- [Your assignment]: The following data needs to be repeated exactly, with all images excluded.

- [Data excerpt]:
——

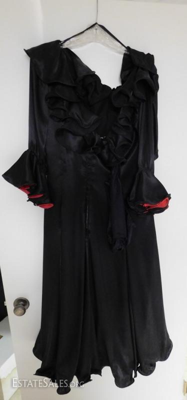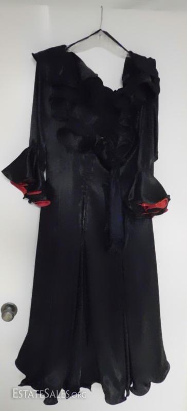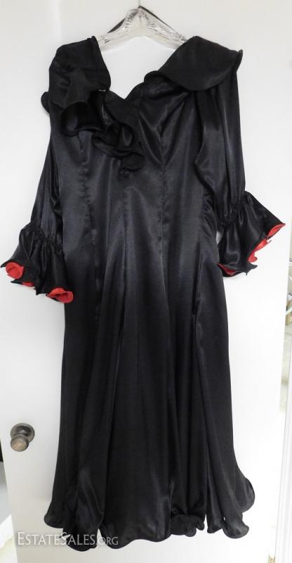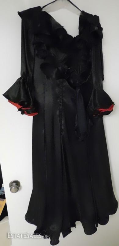 Bolero Black ballroom gown with red accent. Zipper back. Size 12-14
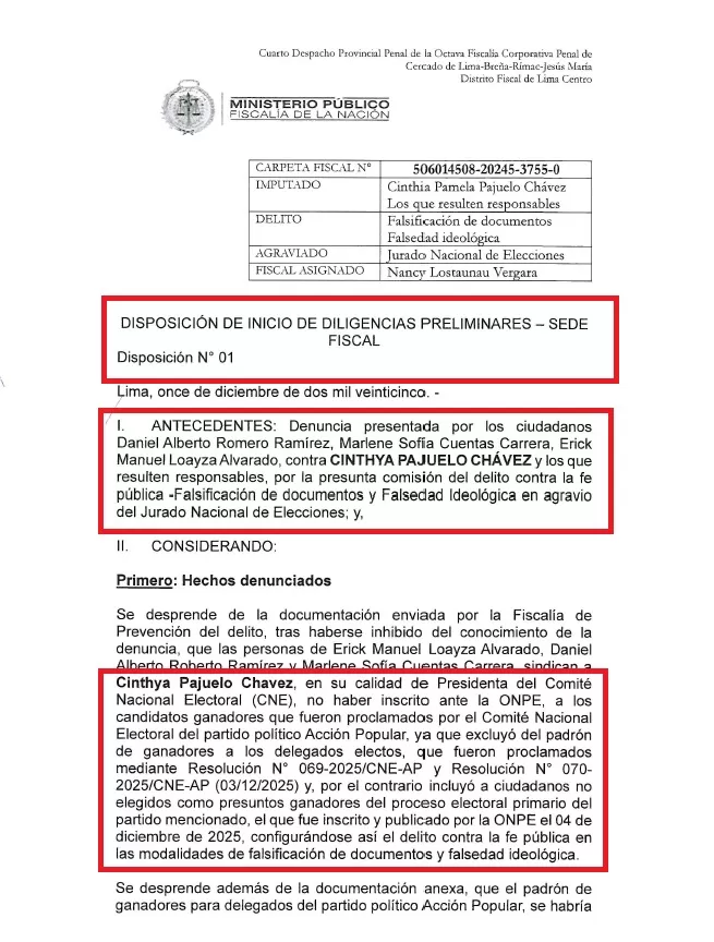 La Fiscalía abrió diligencias preliminares contra Cinthya Pajuelo, expresidenta del Comité Electoral de Acción Popular, por presunto fraude en las elecciones internas del partido. Se investiga la alteración del padrón de delegados proclamados, lo cual habría permitido la participación de personas no elegidas en la votación interna del 7 de diciembre de 2025. El caso motivó la nulidad del proceso por parte del JNE, que excluyó al partido de las elecciones 2026. La investigación tendrá un plazo de 50 días. La imputada y los denunciantes deberán declarar en enero de 2026 como parte de las diligencias fiscales programadas.
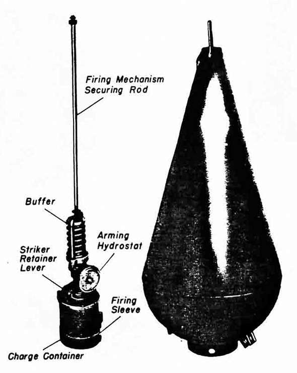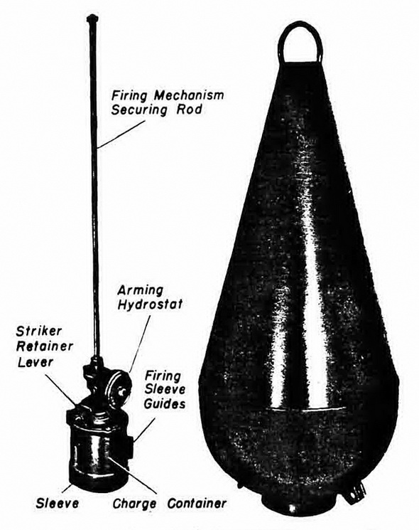 Sprengboje C and Sprengboje D. These are moored, conical floats used as sweep obstructors, laid by surface craft. They are defensive, anti-sweep devices laid in and moored-mine fields. The maximum length of their mooring cables is 360 feet. |

——

- [Result]:
 Bolero Black ballroom gown with red accent. Zipper back. Size 12-14
 La Fiscalía abrió diligencias preliminares contra Cinthya Pajuelo, expresidenta del Comité Electoral de Acción Popular, por presunto fraude en las elecciones internas del partido. Se investiga la alteración del padrón de delegados proclamados, lo cual habría permitido la participación de personas no elegidas en la votación interna del 7 de diciembre de 2025. El caso motivó la nulidad del proceso por parte del JNE, que excluyó al partido de las elecciones 2026. La investigación tendrá un plazo de 50 días. La imputada y los denunciantes deberán declarar en enero de 2026 como parte de las diligencias fiscales programadas.
 Sprengboje C and Sprengboje D. These are moored, conical floats used as sweep obstructors, laid by surface craft. They are defensive, anti-sweep devices laid in and moored-mine fields. The maximum length of their mooring cables is 360 feet. |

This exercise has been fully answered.